Ayam Percik Terengganu (Traditional)

Hidangan tradisional · Malaysian

A classic and authentic Ayam Percik from the state of Terengganu, featuring chicken marinated and grilled with a rich, spicy, and slightly sweet coconut milk-based sauce. The sauce is traditionally made from scratch with a blend of chilies, lemongrass, galangal, and tamarind, then generously basted onto the chicken during grilling.

Nilai resipi ini

Pilih 1 hingga 5 bintang. Setiap resipi hanya boleh dinilai sekali.

Belum ada penilaian.

Bahan

  • Chicken pieces (thighs and drumsticks)1 kg
  • Coconut milk (thick)400 ml
  • Dried chilies15-20
  • Shallots10-12
  • Garlic cloves5-6
  • Lemongrass stalks2
  • Galangal2 cm
  • Turmeric powder1 tsp
  • Tamarind paste2 tbsp
  • Sugar (palm sugar preferred)3 tbsp
  • Saltto taste
  • Vegetable oil3 tbsp
  • Water100 ml
  • Cilantro (for garnish)a few sprigs
  • Cucumber slices (for garnish)a few

Langkah

  1. 1

    Soak dried chilies in hot water for 15 minutes, then drain.

  2. 2

    Blend soaked chilies, shallots, garlic, lemongrass (bruised part), galangal, and turmeric powder with a little water to form a smooth paste.

  3. 3

    Heat vegetable oil in a pot over medium heat. Sauté the blended paste until fragrant and the oil separates.

  4. 4

    Add thick coconut milk, tamarind paste, sugar, and salt. Stir well and bring to a simmer.
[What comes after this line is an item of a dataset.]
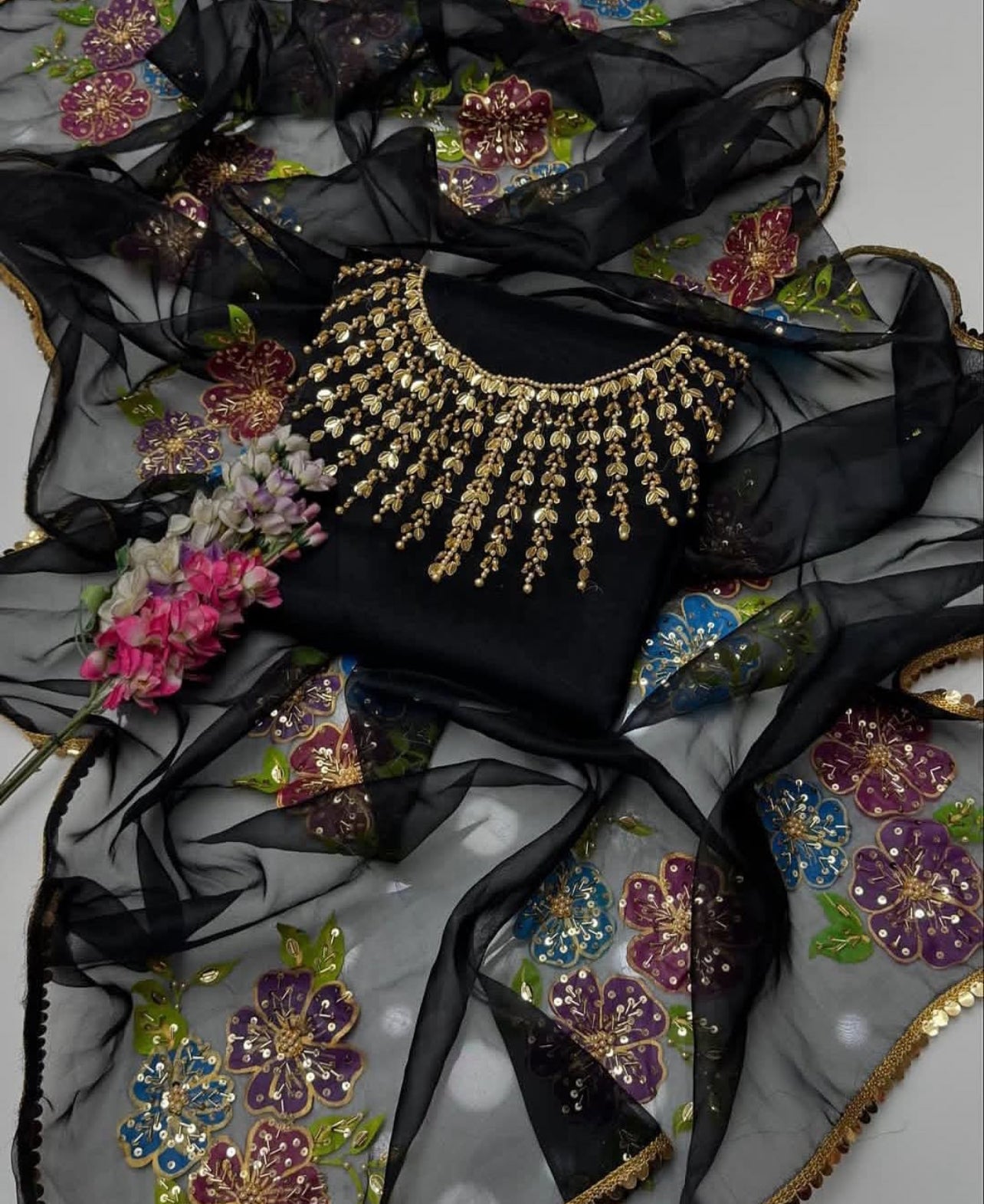 One of the most beautiful and stunning handmade stones and beads work on organza shirt with hand work zaari beads work oil paint organza dupatta

Cook for about 15-20 minutes, stirring occasionally, until the sauce thickens.

  5. 5

    Divide the sauce into two portions: one for marinating and one for basting.

  6. 6

    Marinate the chicken pieces in one portion of the sauce for at least 30 minutes (or preferably 1-2 hours in the refrigerator).

  7. 7

    Preheat grill or broiler to medium-high heat.

  8. 8

    Grill the marinated chicken, turning occasionally. Baste generously with the reserved sauce during the last 10-15 minutes of grilling until the chicken is cooked through and slightly charred.

  9. 9

    Serve hot, garnished with cilantro and cucumber slices.